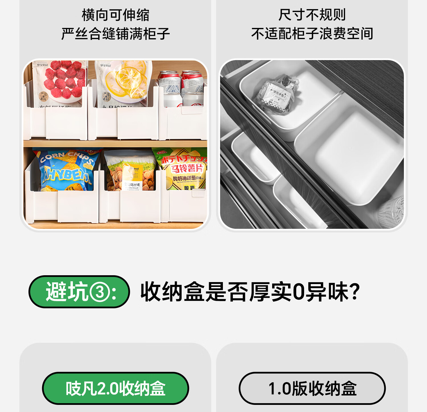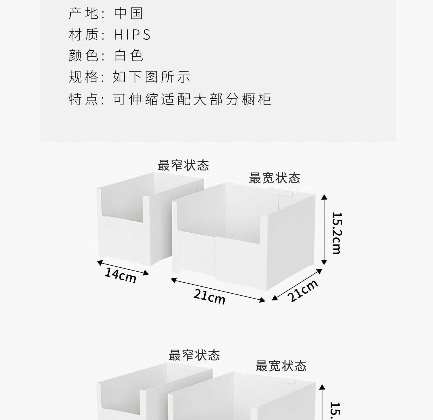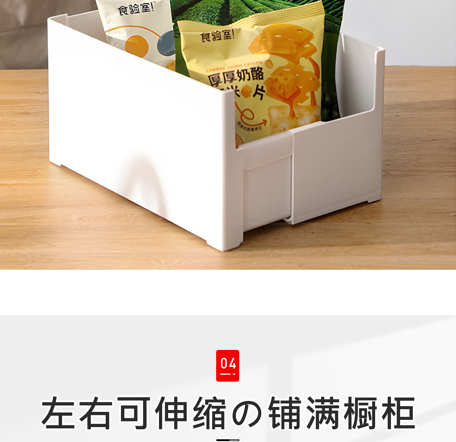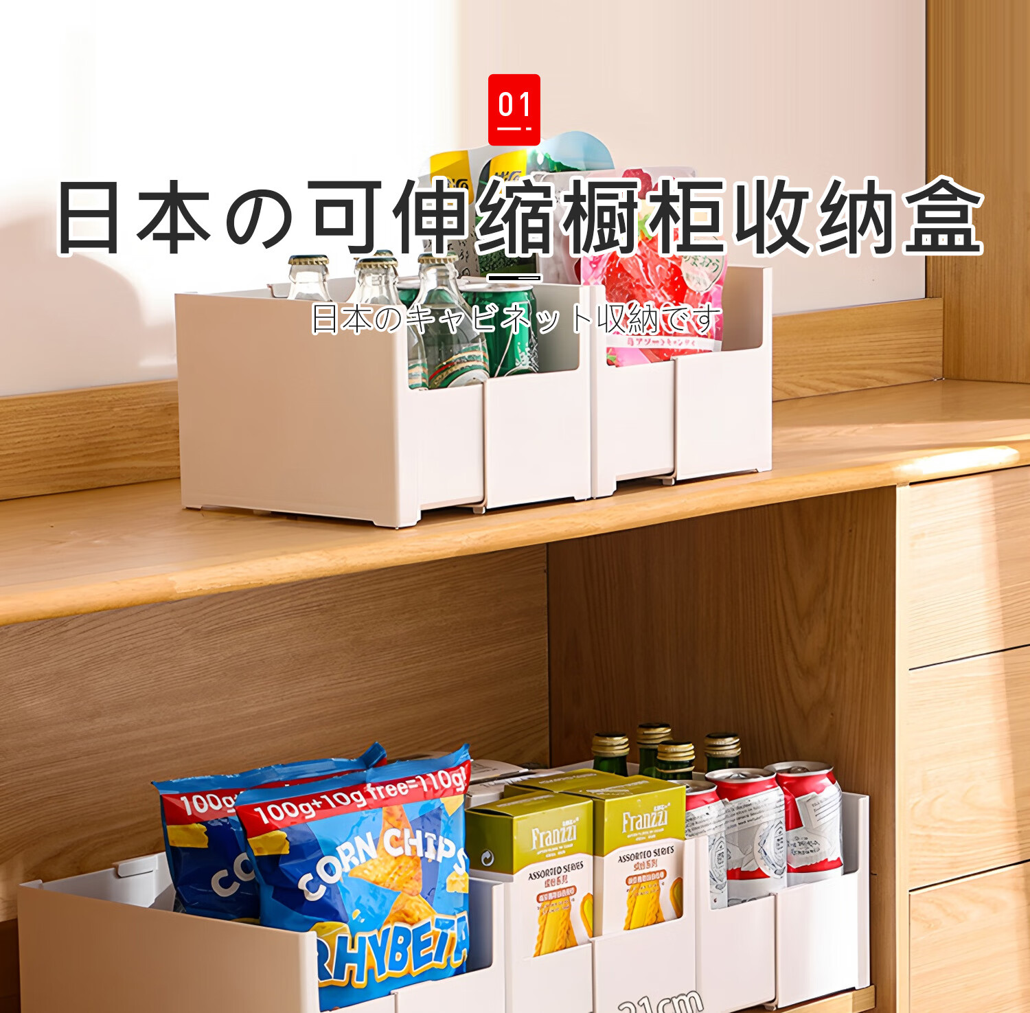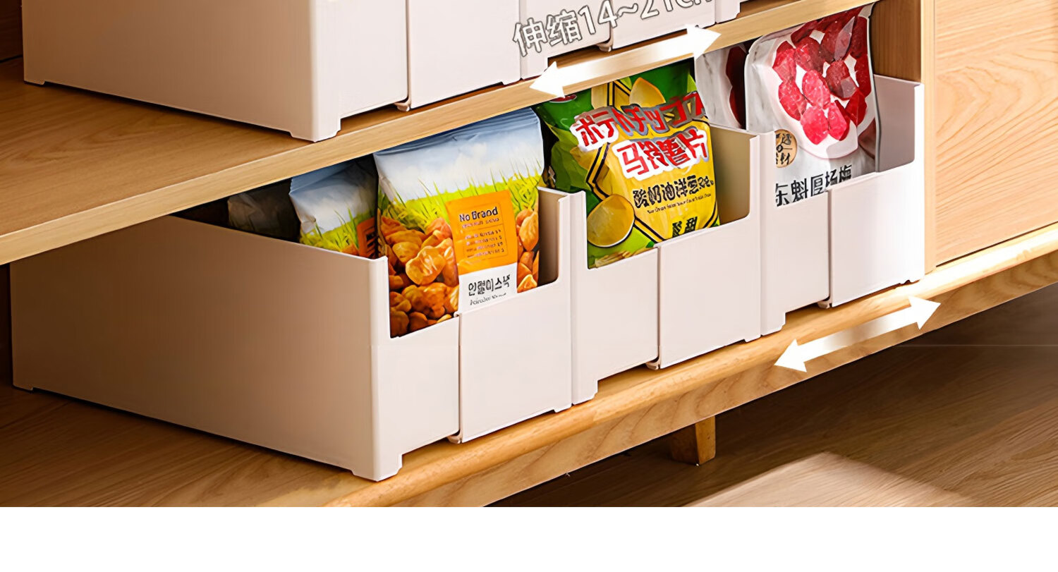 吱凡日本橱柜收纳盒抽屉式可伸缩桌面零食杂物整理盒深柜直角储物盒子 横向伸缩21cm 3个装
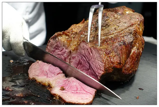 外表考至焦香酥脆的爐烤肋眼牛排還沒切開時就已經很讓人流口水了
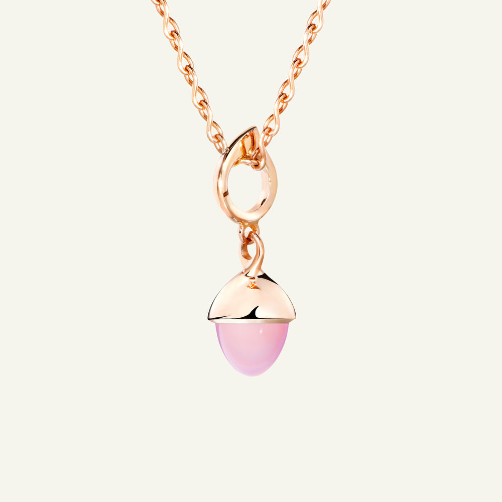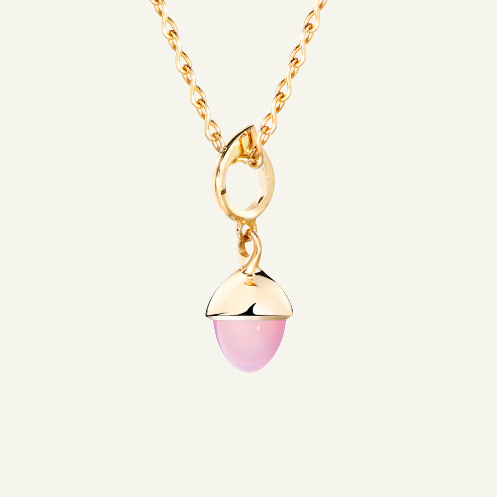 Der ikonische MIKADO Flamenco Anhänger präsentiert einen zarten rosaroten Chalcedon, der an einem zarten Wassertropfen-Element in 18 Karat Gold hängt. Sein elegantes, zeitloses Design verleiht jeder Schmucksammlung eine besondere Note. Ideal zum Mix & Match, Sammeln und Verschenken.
┄┄┄┄┄┄┄┄┄┄
To do: The data is to be returned exactly as it stands, pictures aside.

Answer:
 吱凡日本橱柜收纳盒抽屉式可伸缩桌面零食杂物整理盒深柜直角储物盒子 横向伸缩21cm 3个装
 外表考至焦香酥脆的爐烤肋眼牛排還沒切開時就已經很讓人流口水了
 Der ikonische MIKADO Flamenco Anhänger präsentiert einen zarten rosaroten Chalcedon, der an einem zarten Wassertropfen-Element in 18 Karat Gold hängt. Sein elegantes, zeitloses Design verleiht jeder Schmucksammlung eine besondere Note. Ideal zum Mix & Match, Sammeln und Verschenken.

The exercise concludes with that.